Daniel Restrepo
Profesor de la Universidad
Johns Hopkins
La eternidad no es la temporalidad detenida.
Aforismos, F.
Kafka.
Aunque parezca paradójico, encontramos la
eternidad en los actos efímeros de la naturaleza: las auroras, el murmullo de
los arroyos, la brisa que trenza las ramas de los árboles o las olas que rompen
contra la costanera. Su atemporalidad radica precisamente en que han perdido su
singularidad y, aunque nos empecinemos en registrar algunos de ellos
(calendarios, fases de la luna, tasas de precipitación), sus realidades
concretas son irrecuperables: no hay una historia de los instantes anodinos. La
brisa de hoy no es la continuación de la brisa de ayer, son la misma; la luna
no envejece y el cielo (con sus variaciones) es nuestro sempiterno telón de
fondo. Insistiendo un poco más en esto, cabe aclarar que esta no es solo una
disposición estética de las personas, también es una actitud técnica -que hemos
asumido conjuntamente durante los últimos trescientos años- donde los fenómenos
naturales son entendidos acorde a ciertas leyes (físicas) invariables que rigen
el comportamiento de los objetos. Una bala de cañón arrojada por algún lector
entusiasta que desee constatarlo caerá de la misma manera en que lo hicieron
las que Galileo dejó caer desde la torre de Pisa; el sol saldrá mañana por el
oriente y al día siguiente y en el subsecuente y así sucesivamente sin la
necesidad de que se rece o se hagan ritos de ningún tipo. Este conocimiento ya
es «común». Similarmente pensamos la naturaleza orgánica (animales, plantas,
etc.) en términos de leyes biológicas que establecen cómo deben comportarse los
seres vivos y qué podemos esperar de ellos. Estas leyes, cabe aclarar, están en
constante revisión, no se ajustan perfectamente ni modelan exactamente la
realidad, pero (bien o mal) nos han permitido comprender y transformar
sustancialmente la realidad material del mundo.
La verdad humana, en cambio, está
inscrita en el laberinto del tiempo. Cierto es que
los humanos somos entes materiales y por tanto sujetos a las restricciones
físicas, también que habitamos la vida con un cuerpo orgánico que nos ata a su
vez a ciertas determinidades biológicas, pero más cierto que todo esto es el
carácter histórico de nuestra realidad.
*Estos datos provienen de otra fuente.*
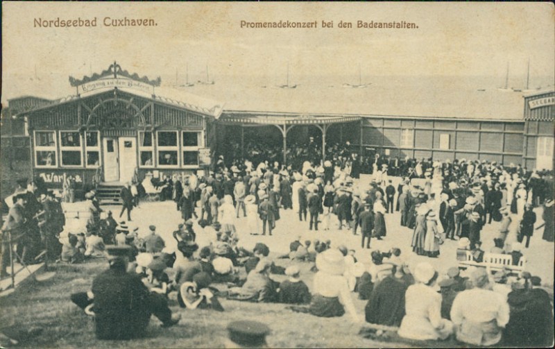 Alte Ansichtskarte aus Cuxhaven, gelaufen am 07.11.1908 von Cuxhaven nach Lübeck.

Hay una brecha cualitativa entre lo
inorgánico y lo orgánico que es evidente para nosotros: lo segundo puede vivir,
organizarse y transformase; a su vez hay un abismo (con bastantes puentes, pero
aun así abismal) entre lo orgánico y lo humano: lo segundo puede decidir vivir,
organizarse y transformarse o no hacerlo… La diferencia, en pocas palabras,
entre lo humano y lo demás (orgánico e inorgánico) es la libertad y con ella la
consciencia profunda del tiempo.
Recordemos por un momento nuestro primer
mito: Dios creando y separando (mediante enunciación) la luz de las sombras, el
cielo de la tierra, la tierra de las aguas; creando las plantas, los animales y
la orografía de un jardín encantado y dándole vida a
un hombre de barro y a una mujer de hueso para que lo habitaran, lo nombraran y
lo gobernaran. En ese momento (mitológico), Dios, el hombre, la mujer, los
animales, las auroras y las olas que rompen contra la costanera estaban regidos
por la misma forma del tiempo: en el eterno instante. Fue cuando llegó la
primera desobediencia -simbolizada por la consumación del fruto prohibido- que
empezó a fugarse el tiempo para la humanidad. Adán y Eva se supieron desnudos y
libres en contraste a Dios y a los demás seres del jardín y, precisamente a
causa de esa libertad adquirida, cayeron en el entramado de las decisiones, las
reflexiones, la culpa, la confusión, la angustia de la responsabilidad;
quedaron inscritos en el laberinto del tiempo. De hecho,
podría decirse que este laberinto fue el refugio para la desnudez humana: de la
misma manera que el primer acto de creación separó la luz de la sombra, la
primera desobediencia separó a los humanos de la buena consciencia y esa
separación les impidió relacionarse inmediatamente con la naturaleza y con
Dios. No es fortuito que tiempo después los hombres intentaran construir otra
estructura (una torre) para llegar arrogantemente a las alturas (y los tiempos)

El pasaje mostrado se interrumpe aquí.